Precisamos de uma renovação de nossa vida litúrgica, que está cedendo ao irracionalismo pós-moderno. Como conseqüência do irracionalismo, na vida da igreja, nossos cultos têm cada vez menos conteúdo e cada vez mais emoção. Cada vez menos Palavra de Deus, e cada vez mais desejos e sonhos humanos. Cada vez procuramos menos agradar a Deus, e mais a nós mesmos – afinal, “o culto não é para a gente se sentir bem?” Liturgias irracionais não ajudam a Igreja a enfrentar a pós-modernidade. A rejeição da razão não é a solução para os males da racionalidade moderna, voltada inteiramente para a técnica e a eficácia. Ao invés de vivermos levados pelos sentimentos, precisamos de uma racionalidade ampla, humana, plena. Precisamos de uma “razão comunicativa”, que, ao invés de se centrar na técnica e eficácia, tenha seu eixo na relação pessoal e social com o “outro” (próximo, na linguagem bíblica). Como cristãos, em particular, precisamos de uma inteligência crítica, que nos torne capazes de “dar a razão da nossa esperança a quem nos perguntar” (I Pedro 3,15).

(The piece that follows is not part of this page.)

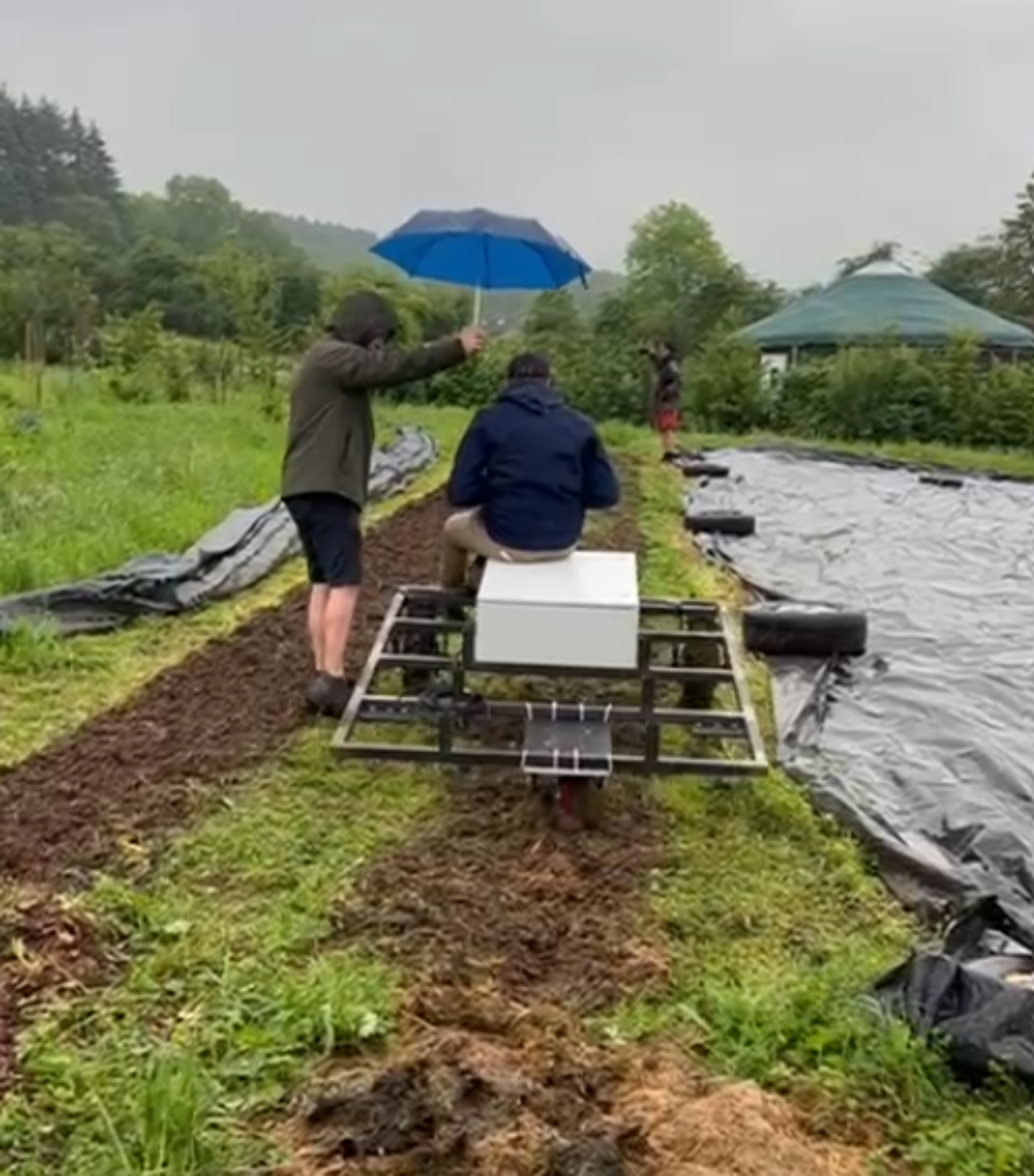 Le rover autonome arrive désormais à une position fixée en transportant un des concepteurs du programme, mais la régulation via l’Esp32, n'est pas encore parfaite. Le 17 mai, sous la pluie, nous avons testé le Salvaterre sur le site de la Forêt de Luhan en mode automatique et manuel. Les conditions sur site sont plus complexes : le véhicule, très léger, souffre d’un manque d’amortissement, affectant son adhérence au sol.
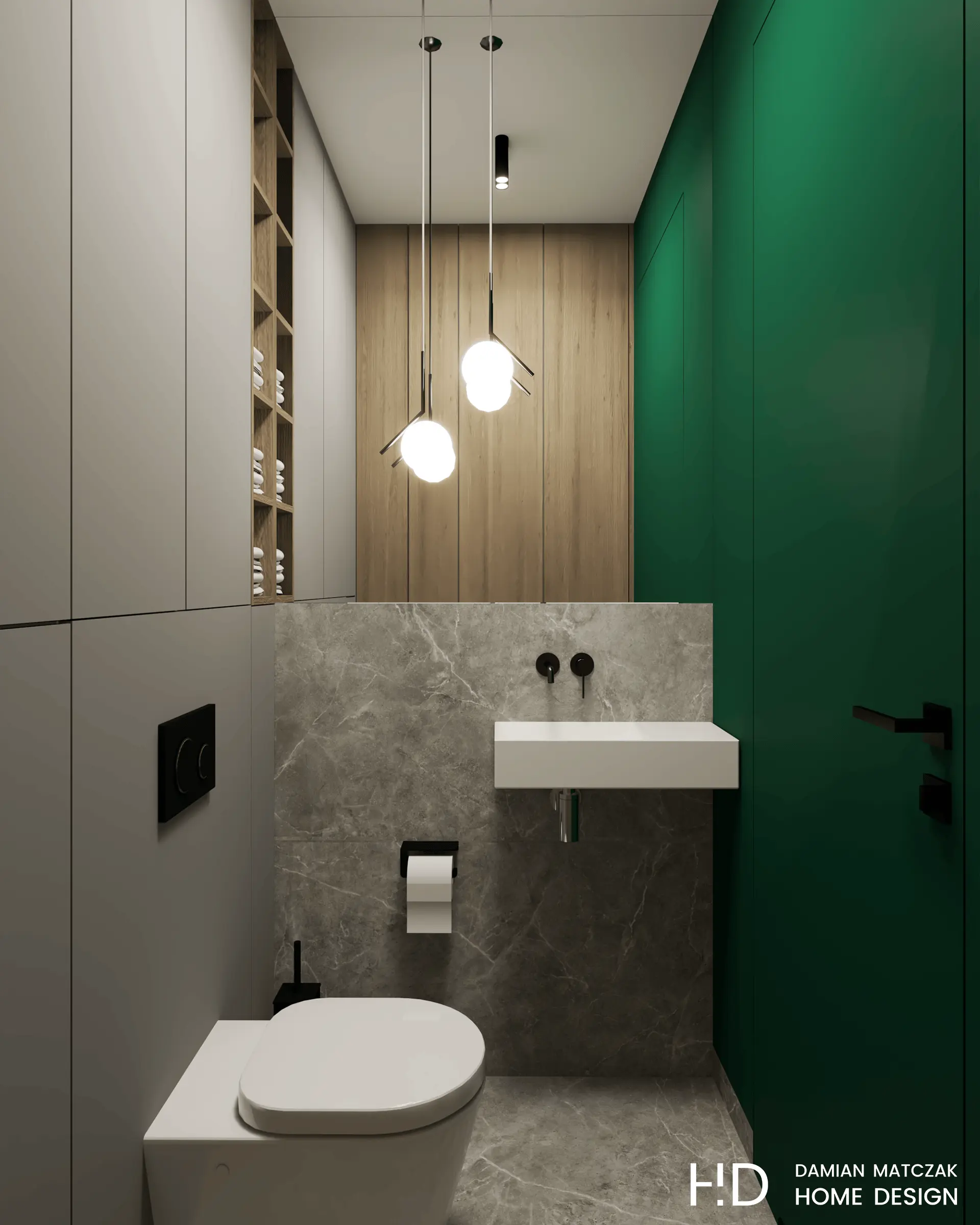 WC potraktowano jako swoiste przedłużenie kolorystyki holu – mamy tutaj szary gres z białą żyłką oraz drzwi ukryte w kolorze ściany, czyli w kolorze butelkowej zieleni. Dla dopełnienia całości wybrano nowoczesne oświetlenie oraz lustro na całą szerokość ściany nad małą umywalką. Funkcjonalnym rozwiązaniem jest zabudowa pralki i dodatkowe przechowywanie.

A vida sem integridade, apenas com interesses e desejos
Uma vida vivida em função dos sentimentos, além de negar a capacidade humana de crítica e pensamento construtivo, também nos torna fáceis presas de nossos interesses e desejos pecaminosos. Vários são os sintomas da crise da razão e do reinado do sentimentalismo. Por exemplo: a desestruturação da vida familiar, em função de uma visão meramente romântica do amor, mediante a qual “João ama Maria, que gosta de José, que ama Antônia, que prefere Pedro, mas está triste porque ele ama José …”. Outra causa da desestruturação familiar é o afastamento cada vez maior entre pais e filhos, a falta de comunicação eficaz entre as gerações dentro de casa, a tentativa de cada lado impor a sua vontade e seus desejos. Além da desestruturação da vida familiar, outro exemplo da crise da razão é o abandono da integridade como padrão ético de comportamento. Tudo vale para a realização dos desejos pessoais – uma mentirinha, um jeitinho, uma fezinha… A palavra não precisa ser cumprida, os compromissos não são levados a sério, os relacionamentos pessoais servem apenas enquanto se “leva vantagem”; entre os adolescentes e jovens a moda é “ficar”, pois quem “fica” não se compromete com a outra pessoa. Não há integridade nos negócios, nas relações pessoais, na política, no exercício do poder público.
Neste sentido, a pós-modernidade não é tão “pós” assim, pois a falta de integridade é uma característica da pecaminosidade humana. Todavia, em nossos dias, como nos tempos de Paulo, a ausência de integridade tem se tornado o ponto mais crítico da ética individual e social (cp. Rm 1,28-33). O mais preocupante, porém, é a penetração da falta de integridade nos meios evangélicos! Líderes internacionais de missões e pastoral, como Frank Dietz e Warren Wiersbe têm escrito livros defendendo a necessidade da volta da integridade à vida cristã, particularmente entre os líderes do povo de Deus. Como poderá Deus nos escutar se não vivemos de forma íntegra a Sua vontade? (cf. Amós 5,21a-24). Como anunciar o Deus da justiça sem integridade? Como crerão se não virem em nós a verdade de Deus em ação?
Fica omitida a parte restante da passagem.